Promit Mukherjee David Ljunggren
[オタワ 2日 ロイター] - カナダ銀行(中央銀行)は2日に開いた金融政策決定会合で、主要政策金利を2.25%に据え置くと決定した。据え置きは予想通り。中銀はインフレに対する上振れリスクが高まっているとの認識を示したほか、米国の新たな関税措置により景気見通しの不確実性が増しているとも指摘した。
カナダの第2・四半期の国内総生産(GDP)は年率換算で前期比3.3%増加し、2023年以来の高い伸びとなったものの、米国との貿易摩擦の悪化に伴う二重のリスクに直面している。米国の関税は成長を鈍化させる恐れがある一方、カナダによる報復措置は国内物価に上昇圧力をかける可能性がある。
マクレム総裁は講演原稿で「新たな課題に直面する上で、堅調な経済成長はわれわれをより強固な基盤に立たせる。しかし、米国の新たな関税措置により、景気回復の持続性を巡る不確実性は高まっている」と指摘。米国の新たな関税措置は経済活動全体の水準に「大きな直接的影響」を与えることはないとしつつも、カナダと米国の貿易関係の先行きを巡る不確実性により、企業が投資や雇用の決定を先送りする可能性があるとの見方を示した。

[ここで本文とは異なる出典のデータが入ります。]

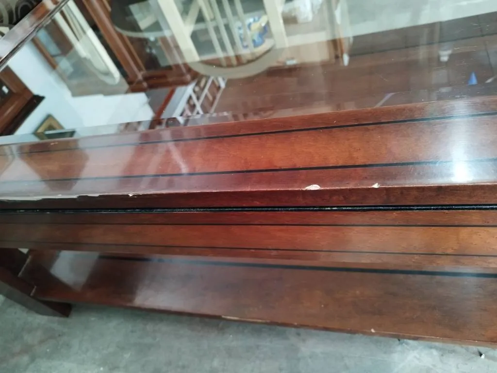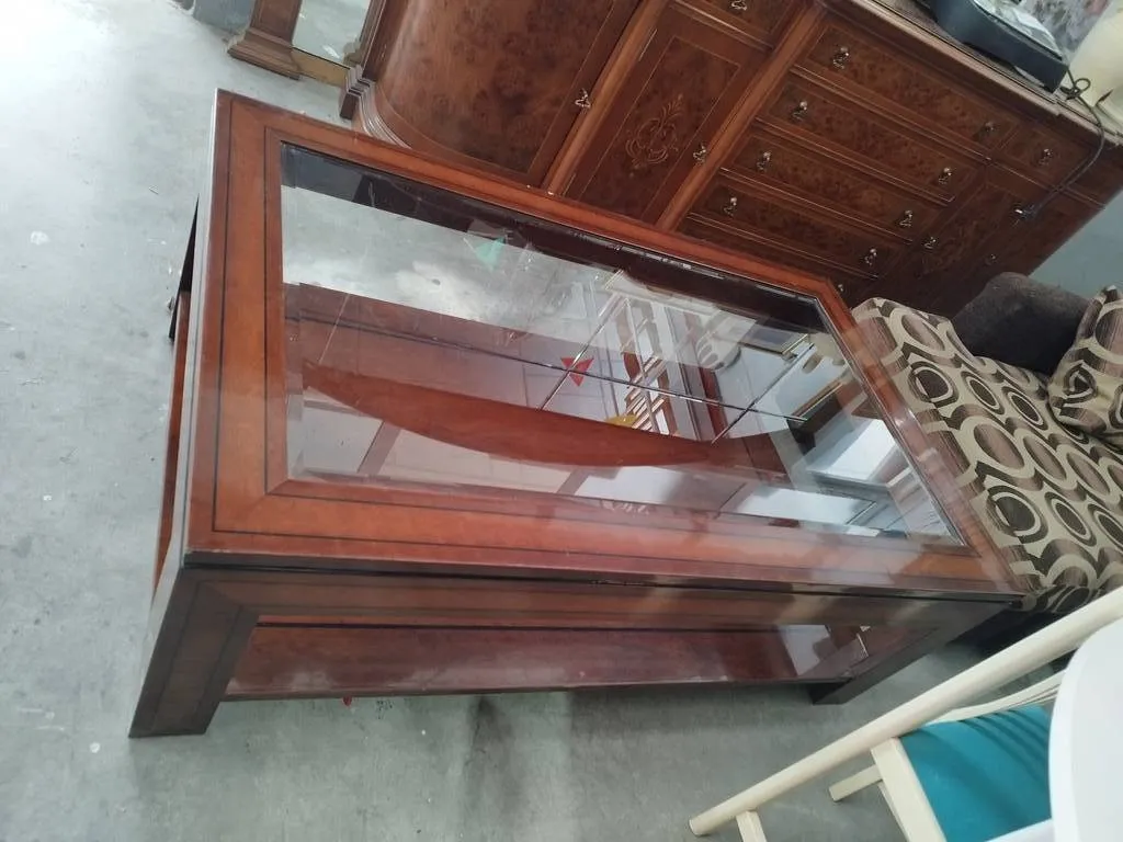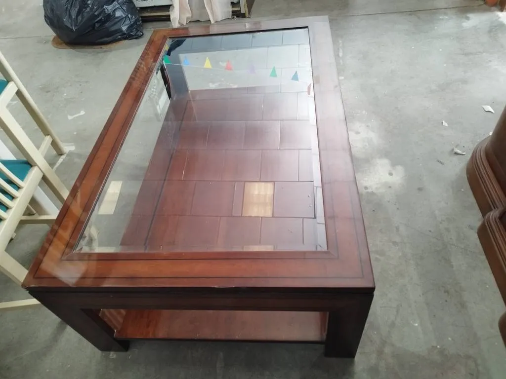 Mesa de centro de grandes dimensiones que ha sido fabricada con madera de buena calidad y robusta. Se trata de una mesa muy elegante con un cristal grueso y transparente en la parte superior y un habitáculo amplio en la inferior ideal para colocar revistas o libros. Es una mesa perfecta para colocar frente al sofá en el salón comedor. Como podemos observar en las fotografías presenta ligeros desperfectos.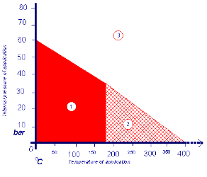 PT 图仅提供设计指导 – 没有压力/温度限制,具体参考 KLINGER expert 垫片设计软件。

また、中銀は声明で「米国の新たな関税とカナダの報復関税で、一部企業のコストが押し上げられ、時間の経過とともに消費者物価に波及する可能性がある」と指摘。「インフレの上振れリスクが高まっている一方、新たな関税措置により成長見通しの不確実性は増している」とした。
カナダ中銀は過去11カ月間、主要政策金利をこの水準に据え置いている。金融市場は同中銀による年内の金利変更を織り込んでいないものの、来年1月までに利上げがあるとみており、2027年中には追加で25ベーシスポイント(bp)の利上げが3回程度実施されるとの見方を織り込んでいる。